My hope is that you will return to better health. Thank you for being an inspiration. Take care.
Yuen Lee says
Thank you so much for sharing your life with us, it is truly appreciated. By sharing, you have given us a huge lift especially for those who are close to giving up. I had a friend who was so disabilitated by a disease, the doctors gave her only a 10% chance of full recovery. Instead of fighting, she gave up. I wouldn’t know what I would have done in her place, but if she could have read what you’ve shared of your life, maybe…..
Jersey Girl says
Elana, thank you for sharing this. My life is difficult dealing with my son’s autism for the past 10 years. Your recipes have helped him tremendously with his gut issues. I’m so thankful for your helpful blog and delicious recipes. Stay healthy! We love you!
Linda Corsetti says
Hi Elana, I am sorry to hear about your MS event. Do you have both Celiac and MS?
I have had MS since 1992 and use this book as my Bible: It was published in 1995.; not sure if you can get it but the title is The Brain Wellness Plan by Dr. Jay Lombard and Carl Germano. The Medical field is just recommending some of the supplements I have been taking for 15 years thanks to The Brain Wellness Plan.
I would love to hear from you.
Julie says
Thank you, Elana. Your story helps me understand what you and so many are going through. A dear friend of ours once told me that ” we don’t know what the future holds, but we know Who holds the future”. You take care, get the rest you need.
Debbie says
Elana I speak Shaloam over your entire body from the top of your head to the tips of your toes. May the God who heals speak His blessing over you and bring you peace dear one., clarity of mind and resounding Joy. Hugs. Debbie L
Heather C says
Perhaps paradoxically, it is this kind of authenticity and honesty that is more uplifting for me than any neat, tidy, sexy image painted on social media.
I have been reading EP for years because of celiac disease and chronic illness. Now, as a diagnosis of MS becomes a possibility, it is so frustrating to read things that seem to say, “Do what I do, and you can live well with this condition, too” even as I struggle to get out of bed or do very basic things.
Hearing that it is up-and-down even for those people who totally have their lives together…well, it’s encouraging to me. It helps me to blame myself a little less.

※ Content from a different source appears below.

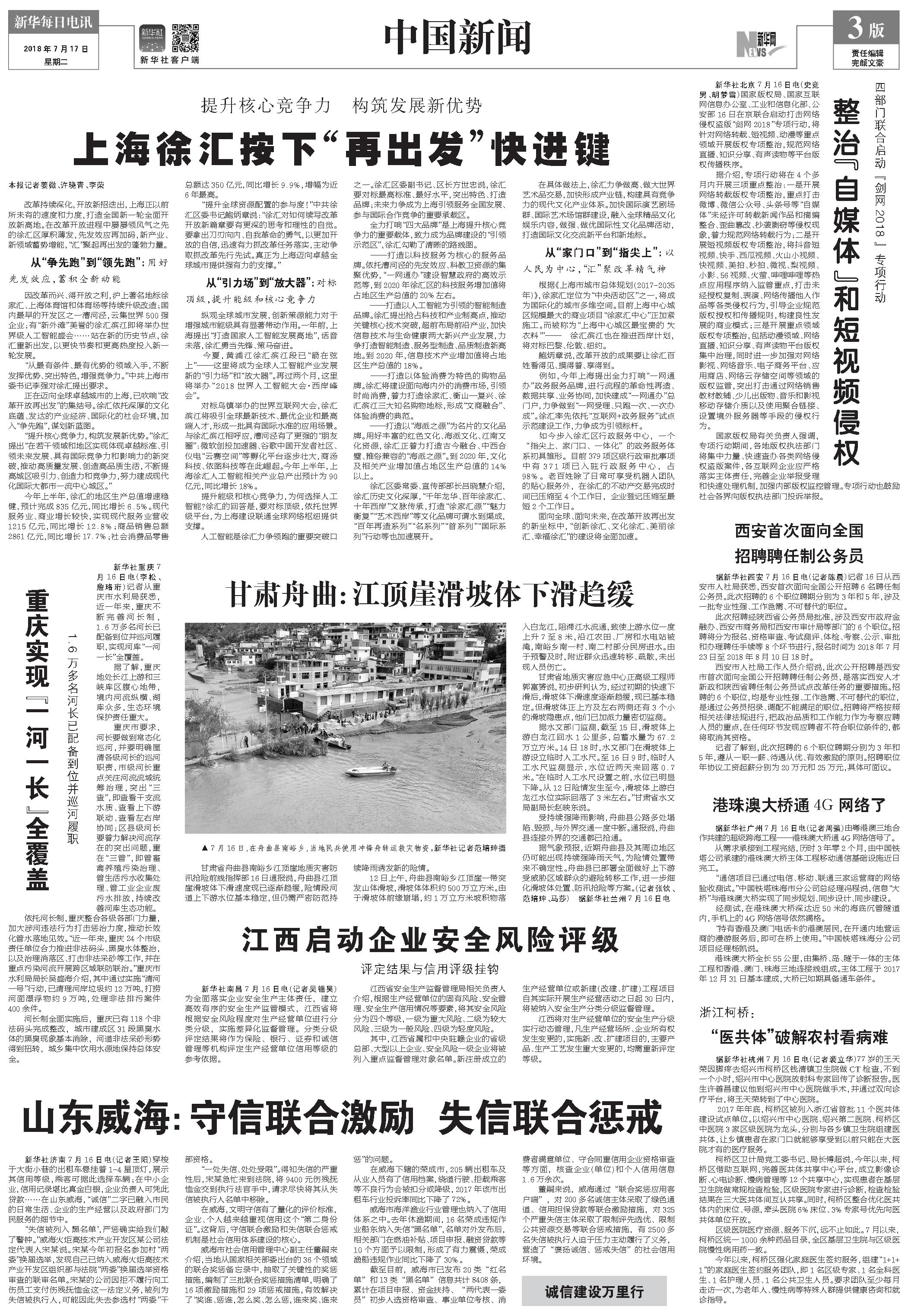 整治“自媒体”和短视频侵权 (2018年07月17日) |

I’m so sorry that this has been happening for you. But thank you for sharing it with me.
pia says
I agree.
Thank you!
Newly diagnosed. Mind blown as well.
Kath says
I am so sorry to hear about what you’ve been going through. I feel so blessed to have discovered your blog and your books. They have helped me tremendously. Praying that you’ll be able to build your health back soon.
Cass Watters says
I have just begun to move away from wheat and other grains and your books recipes and posts are precious to me, especially since so many of your recipes fit my semi-kosher practices. You are on my personal mi sheberach list. I wish for you a refuah shlemah, and may you walk from strength to strength.